Hence, each call of \(\mathsf {RecPutBlack}\) takes at most \(4^{d}\) moves, and the total number of moves to pebble the circuit is at most \(q 4^{d}\).

In summary, the above gives us a strategy to pebble any circuit with at most \(\gamma = q 4^d\) moves and \(t^* = 2d\) black pebbles. By instantiating Corollary 1 with the above strategy, we obtain the following corollary.

Corollary 3

Assuming the existence of (standard) one-way functions, there exists an adaptively secure garbling schemes that has on-line complexity \((n+m)\mathsf {poly}(\lambda )\) for all circuits having depth \(d = O(\log \lambda )\).

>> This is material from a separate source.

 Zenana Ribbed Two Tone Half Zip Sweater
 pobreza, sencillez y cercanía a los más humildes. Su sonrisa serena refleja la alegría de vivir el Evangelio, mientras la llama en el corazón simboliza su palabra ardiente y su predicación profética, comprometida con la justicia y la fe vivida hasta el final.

Assuming the existence of sub-exponentially secure one-way functions, there exists an adaptively secure garbling scheme that has on-line complexity \((n+m)\mathsf {poly}(\lambda ,d)\), for arbitrary circuits of depth \(d = \mathsf {poly}(\lambda )\).

8 Conclusions

We have shown how to achieve adaptively secure garbling schemes under one-way functions by augmenting Yao’s construction with an additional layer of somewhere-equivocal encryption. The on-line complexity in our constructions can be significantly smaller than the circuit size. In our main instantiation, the on-line complexity only scales with the width w of the circuit, which corresponds to the space complexity of the computation.

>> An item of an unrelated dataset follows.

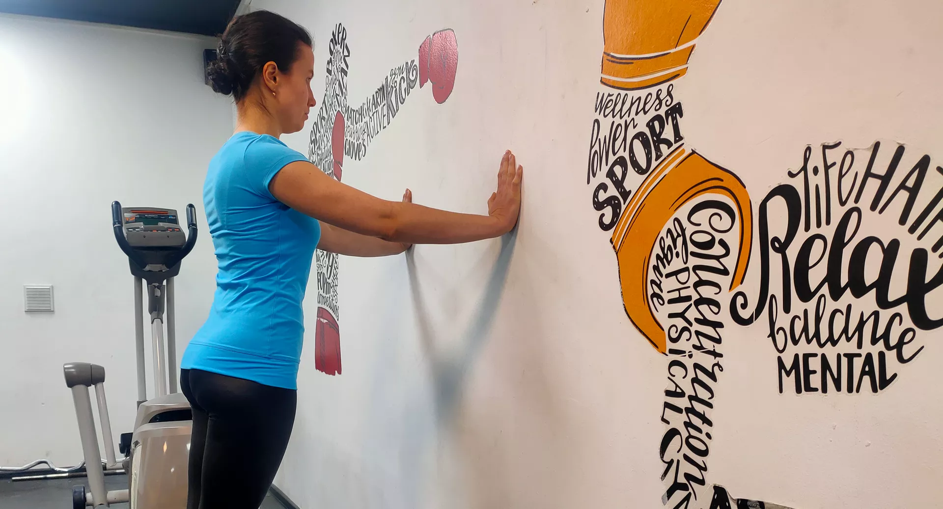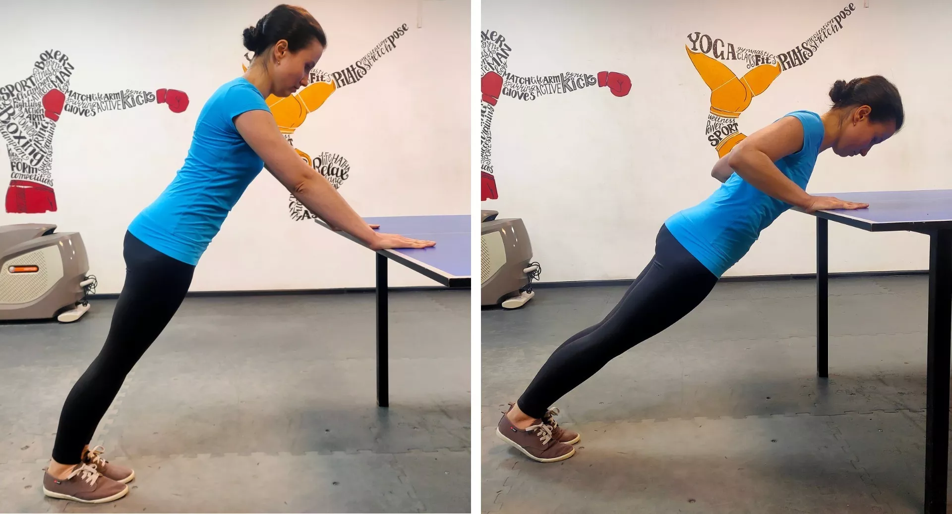 - вертикальные отжимания, где руки упираются о возвышенный упор: начать нужно с отжимания от стены, закончить — отжиманием от невысокой платформы на полу;

It remains as an open problem to get the optimal on-line complexity \((n+m)\mathsf {poly}(\lambda )\) which does not depend on the circuit depth or width. Currently, this is only known assuming the existence of indistinguishability obfuscation and therefore it remains open to achieve the above under one-way functions or even stronger assumptions such as DDH or LWE. It also remains open if Yao’s scheme (or more precisely, a variant of it where the output map is sent in the on-line phase) can already achieve adaptive security without relying on somewhere-equivocal encryption. We have no proof nor a counter-example. It would be interesting to see if there is some simple-to-state standard-model security assumption that one could make on the encryption scheme used to create the garbled gates in Yao’s construction (e.g., circular security, key-dependent message security, etc.), under which one could prove that the resulting garbling scheme is adaptively secure.